Merge e546e5f147 into 104e4cb1bc

2025-04-24 18:24:20 +00:00 · 2025-04-21 20:36:38 -07:00 · 2025-04-21 20:36:38 -07:00 · cbab62f586
commit cbab62f586
parent 104e4cb1bc e546e5f147
8 changed files with 142 additions and 19 deletions
--- a/litellm/litellm_core_utils/llm_cost_calc/utils.py
+++ b/litellm/litellm_core_utils/llm_cost_calc/utils.py
@ -128,6 +128,10 @@ def _get_token_base_cost(model_info: ModelInfo, usage: Usage) -> Tuple[float, fl
            except Exception:
                continue

+    output_cost_per_token_thinking = model_info.get("output_cost_per_token_thinking")
+    if usage.get("thinking_enabled") and output_cost_per_token_thinking is not None:
+        completion_base_cost = output_cost_per_token_thinking
+
    return prompt_base_cost, completion_base_cost


--- a/litellm/llms/vertex_ai/gemini/vertex_and_google_ai_studio_gemini.py
+++ b/litellm/llms/vertex_ai/gemini/vertex_and_google_ai_studio_gemini.py
@ -365,17 +365,14 @@ class VertexGeminiConfig(VertexAIBaseConfig, BaseConfig):
        if reasoning_effort == "low":
            return {
                "thinkingBudget": DEFAULT_REASONING_EFFORT_LOW_THINKING_BUDGET,
-                "includeThoughts": True,
            }
        elif reasoning_effort == "medium":
            return {
                "thinkingBudget": DEFAULT_REASONING_EFFORT_MEDIUM_THINKING_BUDGET,
-                "includeThoughts": True,
            }
        elif reasoning_effort == "high":
            return {
                "thinkingBudget": DEFAULT_REASONING_EFFORT_HIGH_THINKING_BUDGET,
-                "includeThoughts": True,
            }
        else:
            raise ValueError(f"Invalid reasoning effort: {reasoning_effort}")
@ -388,9 +385,9 @@ class VertexGeminiConfig(VertexAIBaseConfig, BaseConfig):
        thinking_budget = thinking_param.get("budget_tokens")

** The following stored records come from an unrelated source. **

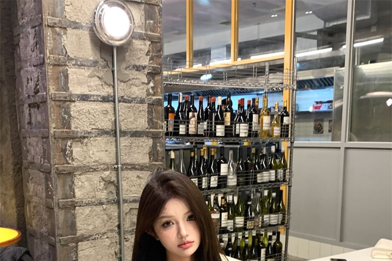 Mock Two-Piece Long-Sleeve Off-Shoulder Striped Panel Smocked Crop Blouse / High Waist Mini A-Line Skirt / Belt / Set
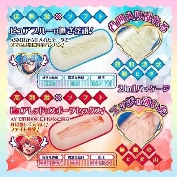 個性的な設計が特徴の非貫通型ホール2本セットです♪ピュアブルーとピュアレッドの2種類がセットになっており、異なる感触を楽しめます!ピュアブルーは柔らかめの弾力で、波状ヒダと突起が絡み合う構造♪じっくりとリラックスした時間を過ごしたい方におすすめです!一方、ピュアレッドは縦ヒダ構造で高刺激を提供し、アクティブな使用感を求める方に適しています!どちらも柔らかめの素材で心地よい使用感を実現しています♪COOLP初の1箱2本入りパッケージで、シーンに応じて使い分けることが可能です!ユニークな設計で、自宅でのリラックスタイムに彩りを添える特別なアイテムです♪ |
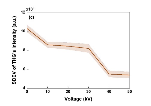 图2 (a)未施加和施加电场后基于1kHz光丝产生的TH光束指向分布云图。(b)1kHz TH光束指向偏差距离与施加在光丝上电压的关系。(c)1kHz TH的强度抖动与施加在光丝上电压的关系。
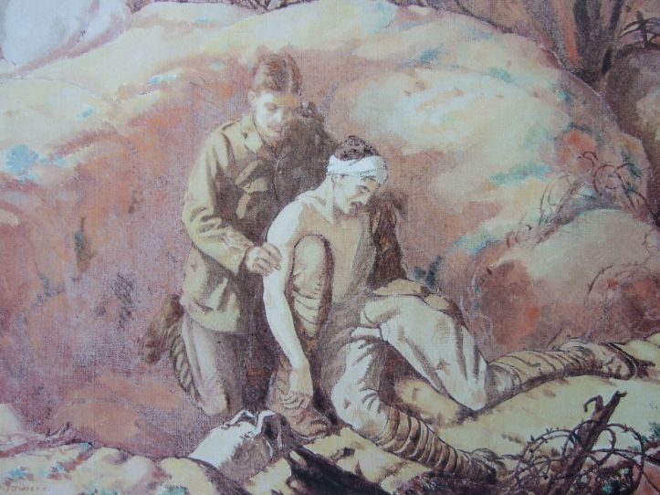 (On) the outbreak of war he obtained a commission for the (Royal Army Medical Corps). (In 1916) Green’s battalion… took part in the attack on… Gommecourt which formed the northernmost part of the offensive now known as the Battle of the Somme, which began on 1 July… Capt. Green was one of 19,240 British men who lost their lives on 1 July 1916, the worst losses in the history of the British Army.
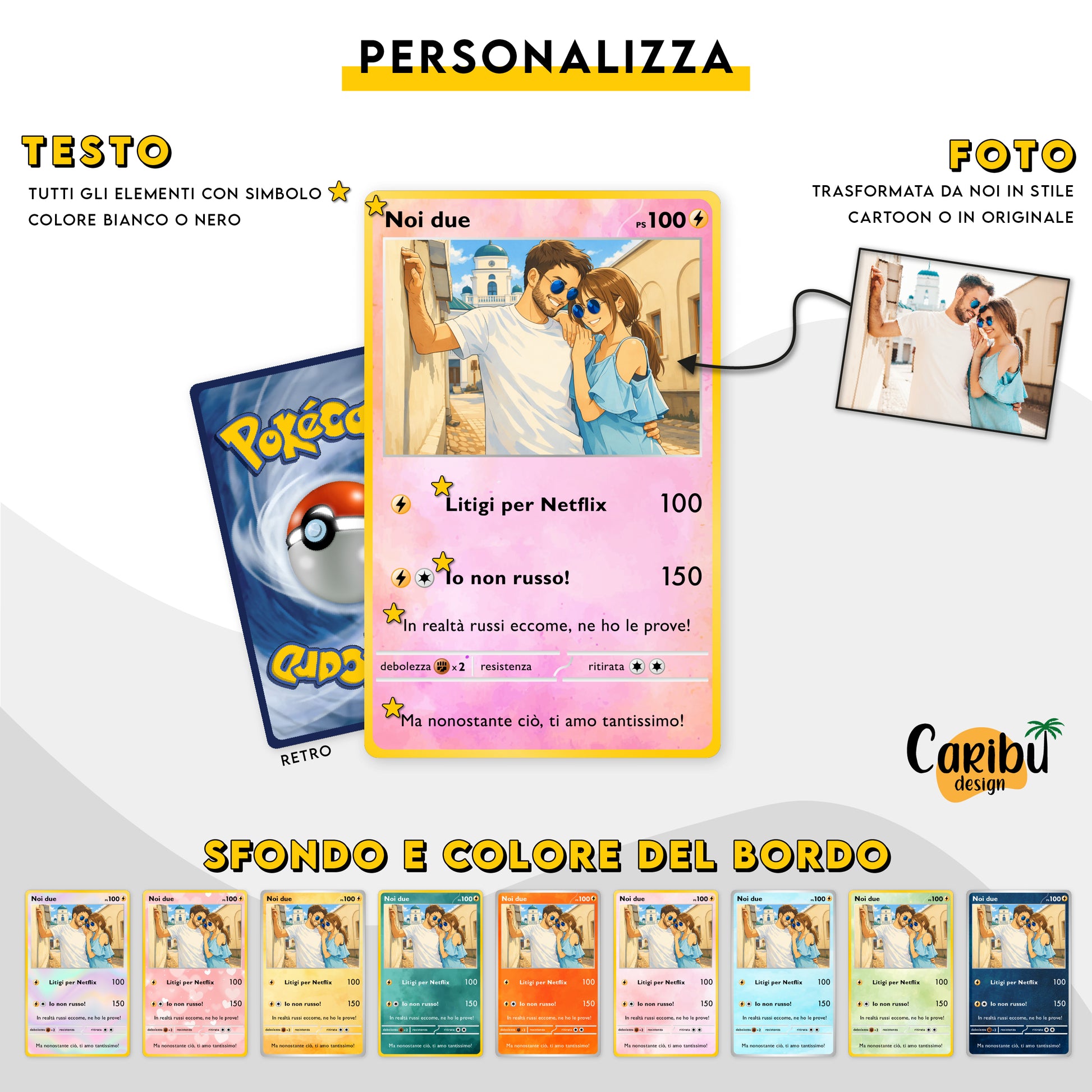 • CARTA POKE PERSONALIZZATA CON FOTO E TESTO: crea la tua poke card personalizzabile con foto (trasformata in stile cartoon o originale) e testi (nomi, dedica, frase, data). Puoi scegliere anche lo sfondo e il colore del bordo. Retro stampato con sfondo in stile poke.
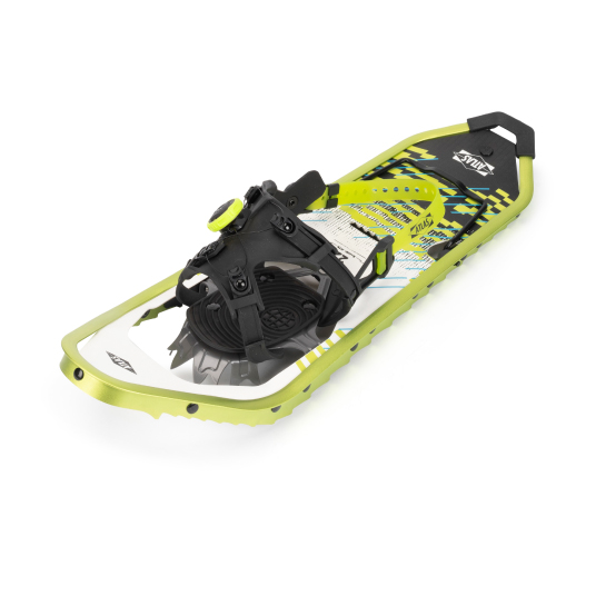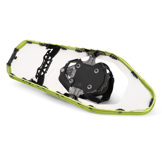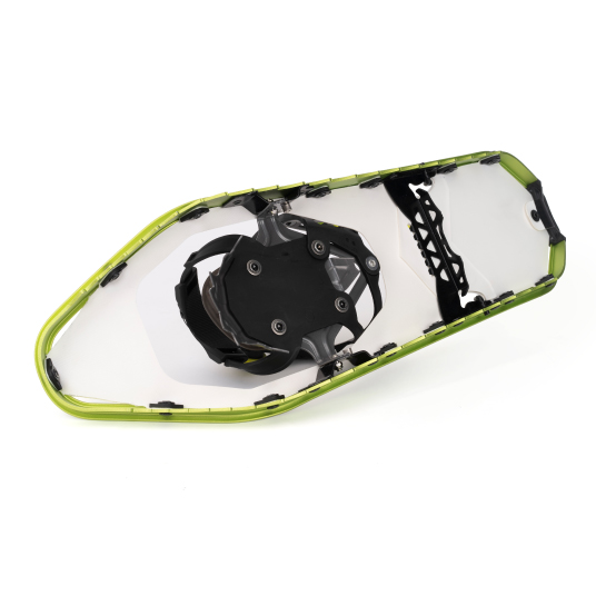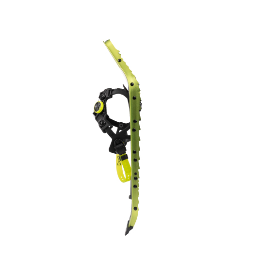 剛性・軽量性・柔軟性が特長のT型アルミフレームを採用したスノーシューです。
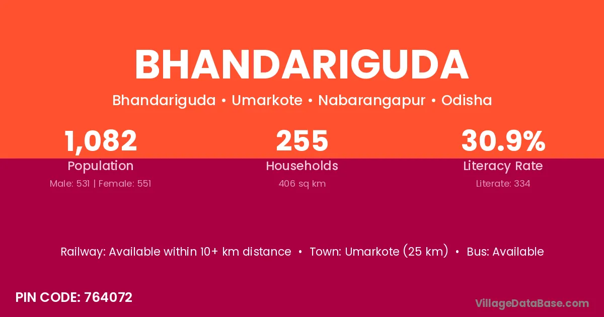 Bhandariguda village has a total population of 1,082 people, of which 531 are males and 551 are females.
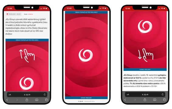 Prémiový mobilný formát reklamy, ktorý funguje na princípe posúvania stránky (článku), pričom užívateľ postupne scrollovaním odkrýva samotný reklamný obsah. Plne odkrytý zaberá takmer celú obrazovku. Je to náš najväčší mobilný reklamný formát s vysokou pútavosťou.
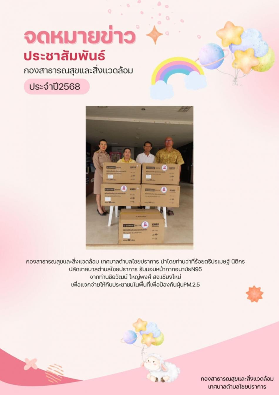 รับมอบหน้ากากอนามัยN95 จากท่านชัยวัฒน์ ใหญ่พงศ์ สจ.เชียงใหม่ จากองค์การบริหารส่วนจังหวัดเชียงใหม่ [14 พฤษภาคม 2568]
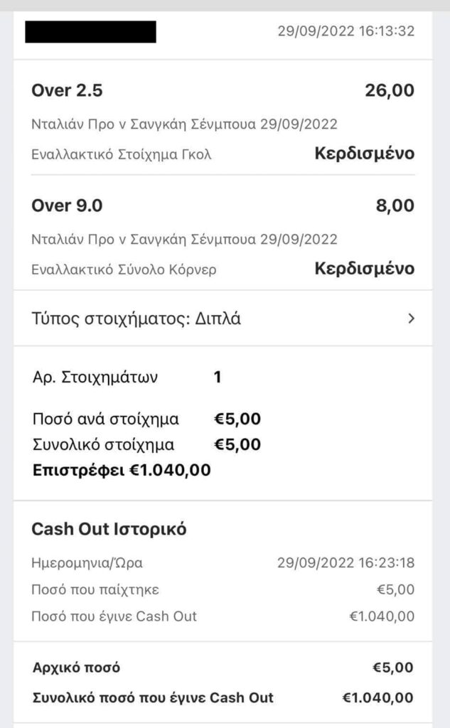 Λίγο μετά το 80’ της αναμέτρησης και με το σκορ στο 1-0, ο παικταράς πόνταρε στο over 2,5 σε απόδοση 26.00 αλλά και στα over 9 κόρνερ (σε απόδοση 8.00) που εκείνη την ώρα ήταν έξι! Συνολική απόδοση 208.00!
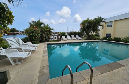 Bay View #7 is a 2-bed, 3.5-bath waterfront townhouse in a gated community, in Rodney Bay and close to the beach, restaurants, shopping, and nightlife.
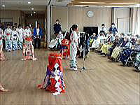 6年生が特別養護老人ホーム寿泉荘で、獅子踊りを披露しました。入居している方々から「歴史のある獅子踊りを初めて見ました。素敵な踊りで涙が出ました。」などの感想をいただきました。 |
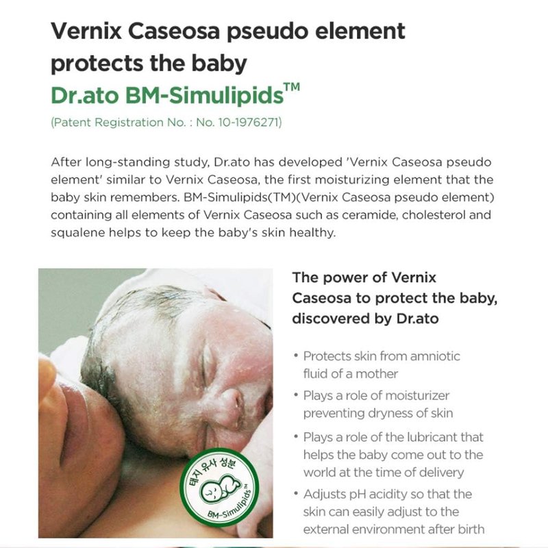 - DEEP HYDRATION & BARRIER PROTECTION: Dr. ato's body wash creates a soft & dense foam that cleans your delicate skin without losing the moisture. Unique vernix-like ingredients and natural moisturizers provide lasting moisture and strengthen your skin's natural defense barrier.
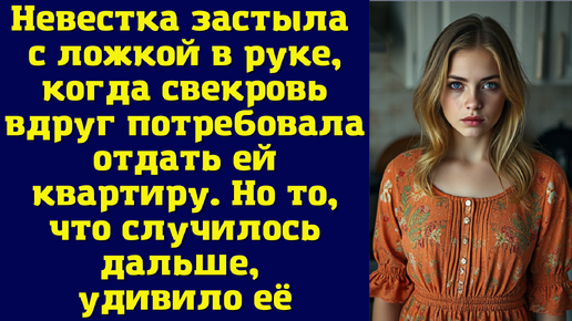Невестка застыла с ложкой в руке, когда свекровь вдруг потребовала отдать ей квартиру. Но то, что случилось дальше, удивило её
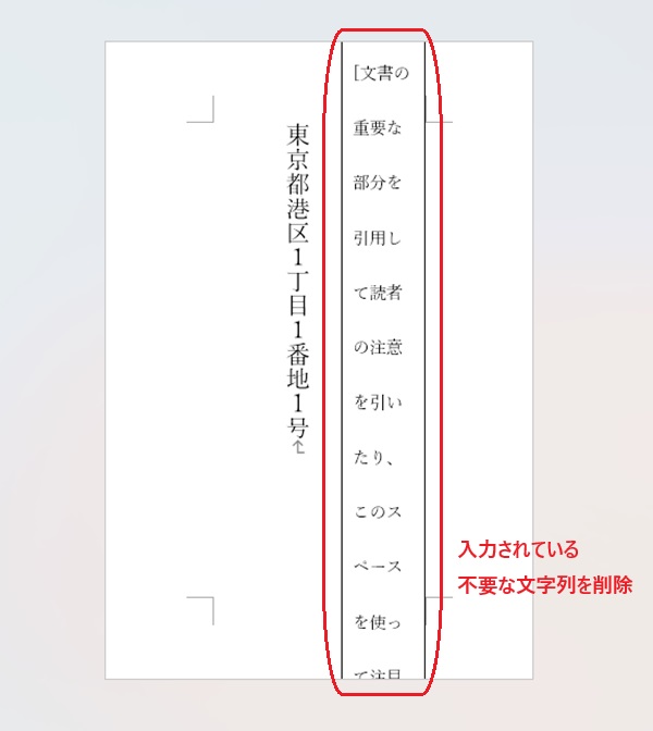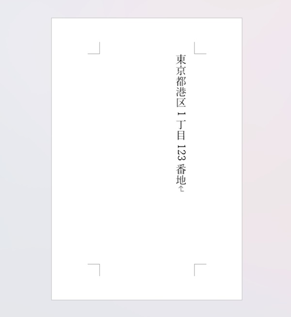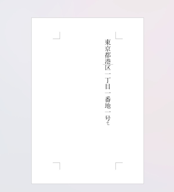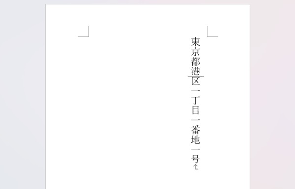 ただし、漢数字の使用によって住所が読みづらくなる場合は、全角数字の使用がおすすめです。全角数字を使うと、以下のように特別な設定をしなくても縦書きに設定されます。
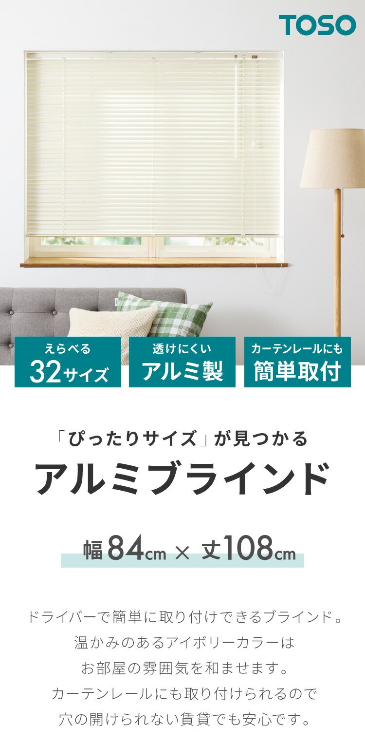ブラインド 幅84cm 丈108cm トーソー TOSO 取り付け簡単 アルミブラインド ブラインドカーテン 賃貸 浴室 カーテンレース 金具付き 遮熱 遮光 ブラインドスクリーン 日除け【送料無料】

        params: GeminiThinkingConfig = {}
-        if thinking_enabled:
-            params["includeThoughts"] = True
-        if thinking_budget:
+        if not thinking_enabled:
+            params["thinkingBudget"] = 0
+        elif thinking_budget is not None:
            params["thinkingBudget"] = thinking_budget

        return params
@ -743,6 +740,7 @@ class VertexGeminiConfig(VertexAIBaseConfig, BaseConfig):
    def _calculate_usage(
        self,
        completion_response: GenerateContentResponseBody,
+        thinking_enabled: bool | None,
    ) -> Usage:
        cached_tokens: Optional[int] = None
        audio_tokens: Optional[int] = None
@ -768,17 +766,24 @@ class VertexGeminiConfig(VertexAIBaseConfig, BaseConfig):
            audio_tokens=audio_tokens,
            text_tokens=text_tokens,
        )
+        completion_tokens = completion_response["usageMetadata"].get(
+            "candidatesTokenCount", 0
+        )
+        if reasoning_tokens:
+            # Usage(...) constructor expects that completion_tokens includes the reasoning_tokens.
+            # However the Vertex AI usage metadata does not include reasoning tokens in candidatesTokenCount.
+            # Reportedly, this is different from the Gemini API.
+            completion_tokens += reasoning_tokens
        ## GET USAGE ##
        usage = Usage(
            prompt_tokens=completion_response["usageMetadata"].get(
                "promptTokenCount", 0
            ),
-            completion_tokens=completion_response["usageMetadata"].get(
-                "candidatesTokenCount", 0
-            ),
+            completion_tokens=completion_tokens,
            total_tokens=completion_response["usageMetadata"].get("totalTokenCount", 0),
            prompt_tokens_details=prompt_tokens_details,
            reasoning_tokens=reasoning_tokens,
+            thinking_enabled=thinking_enabled,
        )

        return usage
@ -910,6 +915,16 @@ class VertexGeminiConfig(VertexAIBaseConfig, BaseConfig):
                    completion_response=completion_response,
                )

+        thinking_enabled = None
+        if "gemini-2.5-flash" in model:
+            # Only Gemini 2.5 Flash can have its thinking disabled by setting the thinking budget to zero
+            thinking_budget = (
+                request_data.get("generationConfig", {})
+                .get("thinkingConfig", {})
+                .get("thinkingBudget")
+            )
+            thinking_enabled = thinking_budget != 0
+
        model_response.choices = []

        try:
@ -923,7 +938,10 @@ class VertexGeminiConfig(VertexAIBaseConfig, BaseConfig):
                    _candidates, model_response, litellm_params
                )

-            usage = self._calculate_usage(completion_response=completion_response)
+            usage = self._calculate_usage(
+                completion_response=completion_response,
+                thinking_enabled=thinking_enabled,
+            )
            setattr(model_response, "usage", usage)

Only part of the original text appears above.